Dès qu’il fut en âge de raisonner et de déraisonner, la très bigote Chalimé, intendante du harem, fut chargée de lui enseigner les trente-quatre lettres turques et le catéchisme musulman. Malgré l’horreur qu’elle lui inspirait, il fit honneur à ses leçons ; on lui donnait beaucoup de roupies pour le récompenser de son zèle. Il apprit bien vite à lever au ciel l’index de la main droite, et un jour, fier comme Artaban, il fut introduit auprès de son père adoptif et s’écria d’une voix retentissante : « La ilahe ill’ Allah ! Mohammente resouloullah ! Il n’y a pas d’autre Dieu que Dieu et Mahomet est son prophète. « Il savait par cœur beaucoup d’oraisons arabes, et il montait dans une chambre haute pour réciter l’ezan ou invitation à la prière.
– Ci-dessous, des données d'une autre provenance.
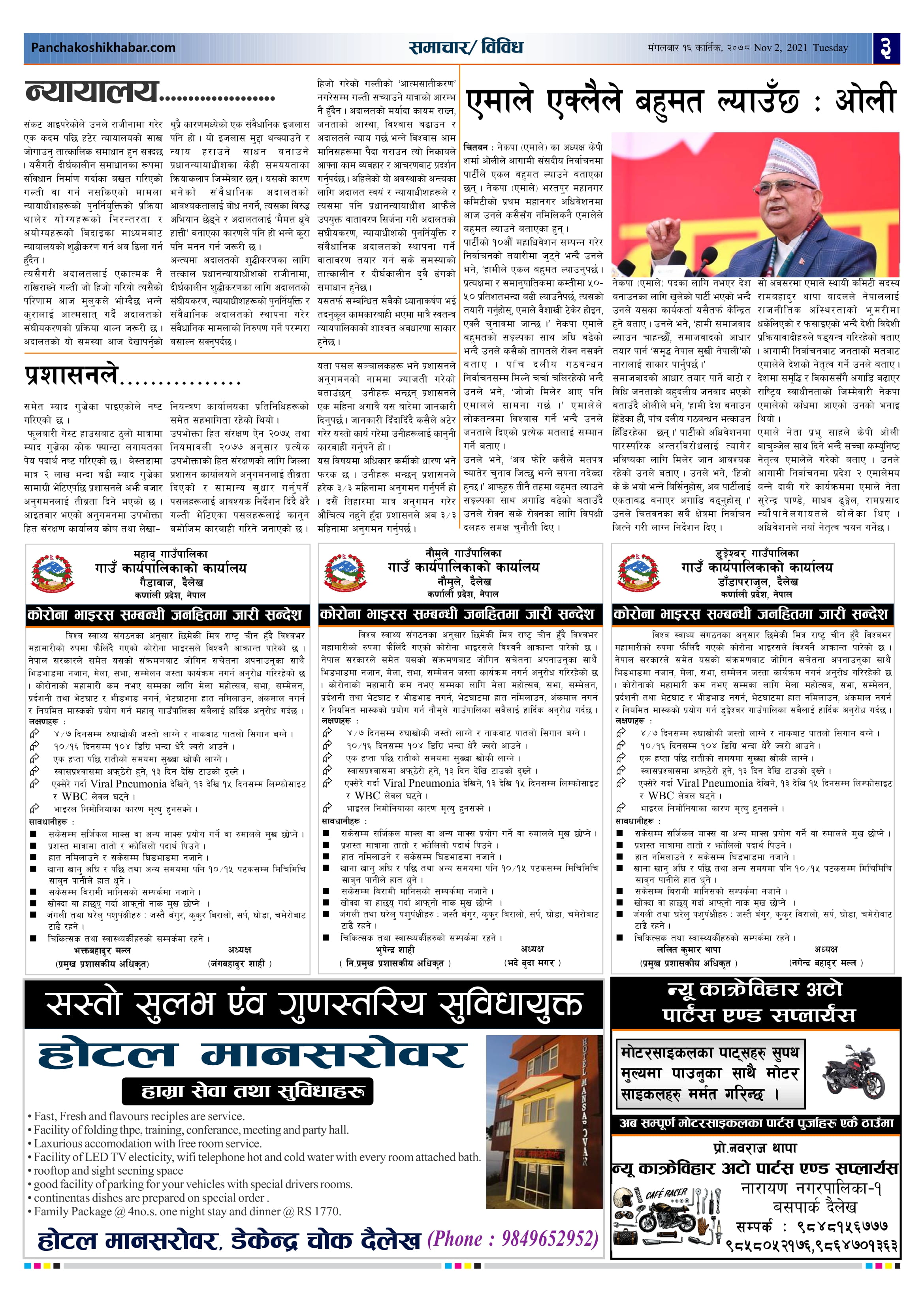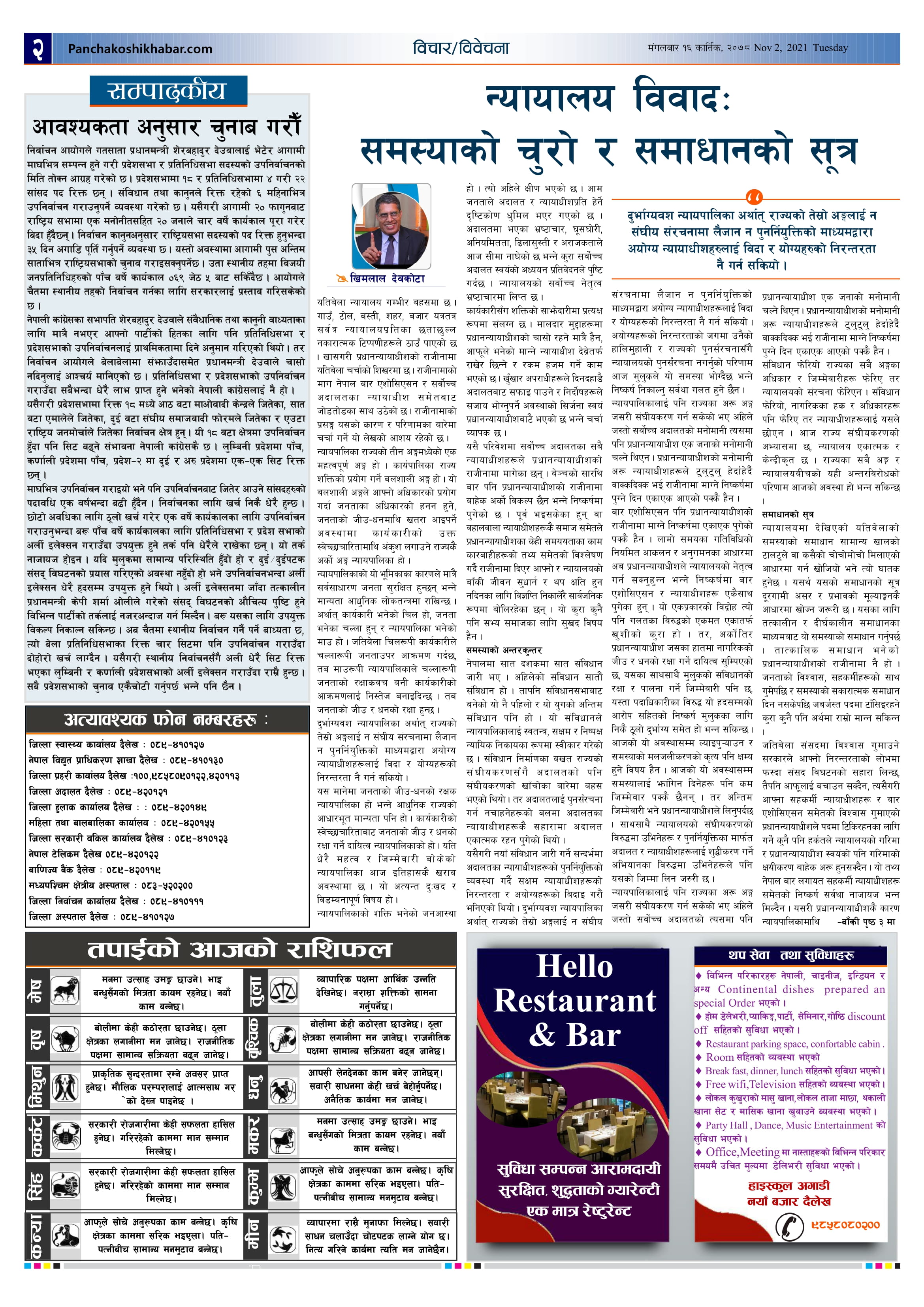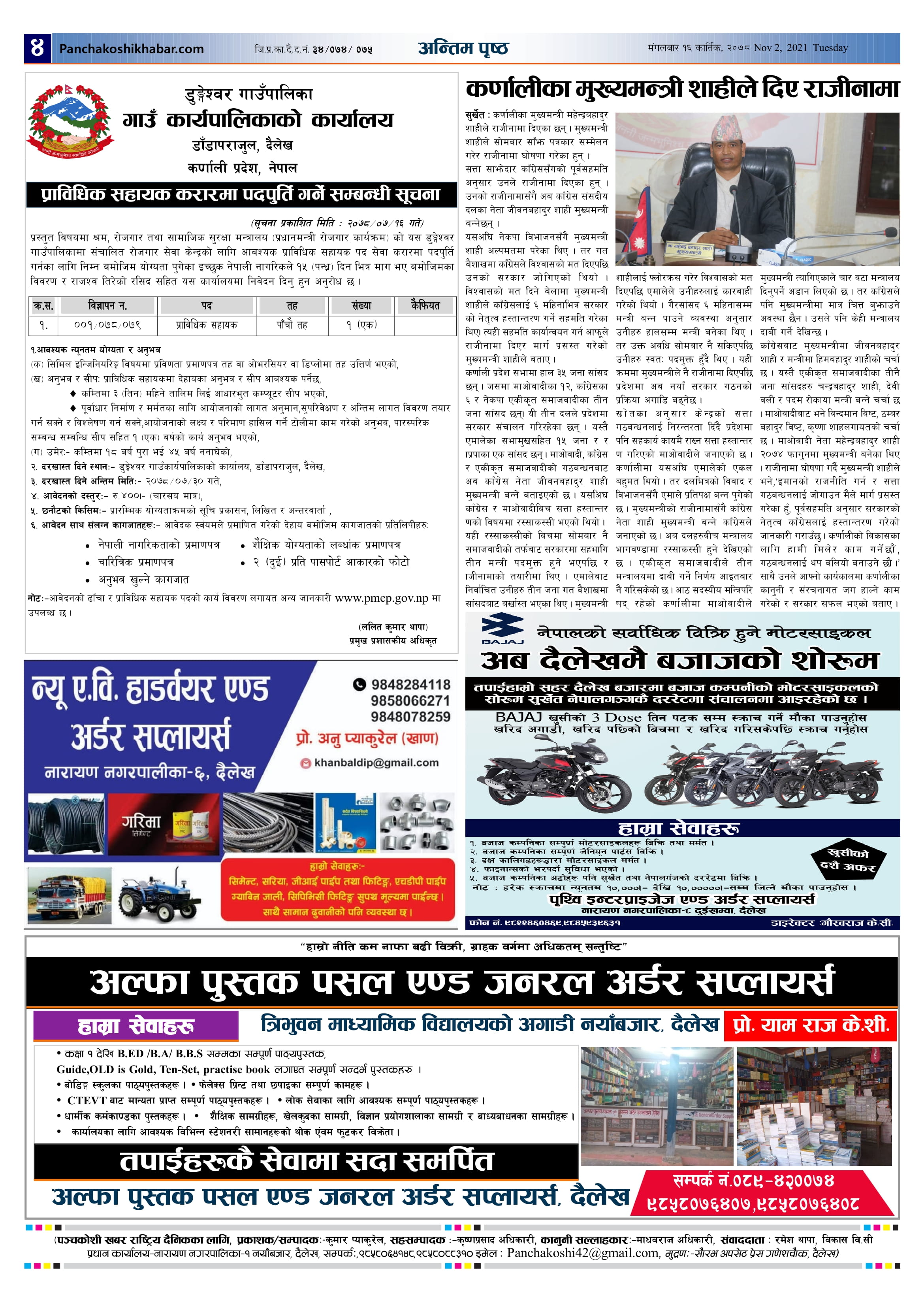 मिति २०७८ कार्तिक १६ गते प्रकाशित पंचकोशी खबर दैनिक पंचकोशी संवाददाता । २०७८ कार्तिक १६, मंगलवार मा प्रकाशित

C’est ainsi qu’Ali-Kourschid-Bey devint un de ces vrais musulmans dans lesquels il n’y a point de fraude, si bien que le pacha, ravi de ses progrès, déclara en plein harem que n’ayant pas de fils, il entendait faire de cet enfant son successeur et son seul héritier. Et l’enfant jura qu’il serait un jour digne de son père, qu’il honorerait son nom, qu’il commencerait par couper la tête à Chalimé, qu’ensuite il marierait richement trois de ses sœurs, se réservant la plus jeune pour lui-même, et qu’il mériterait le bonheur éternel en égorgeant des centaines de giaours.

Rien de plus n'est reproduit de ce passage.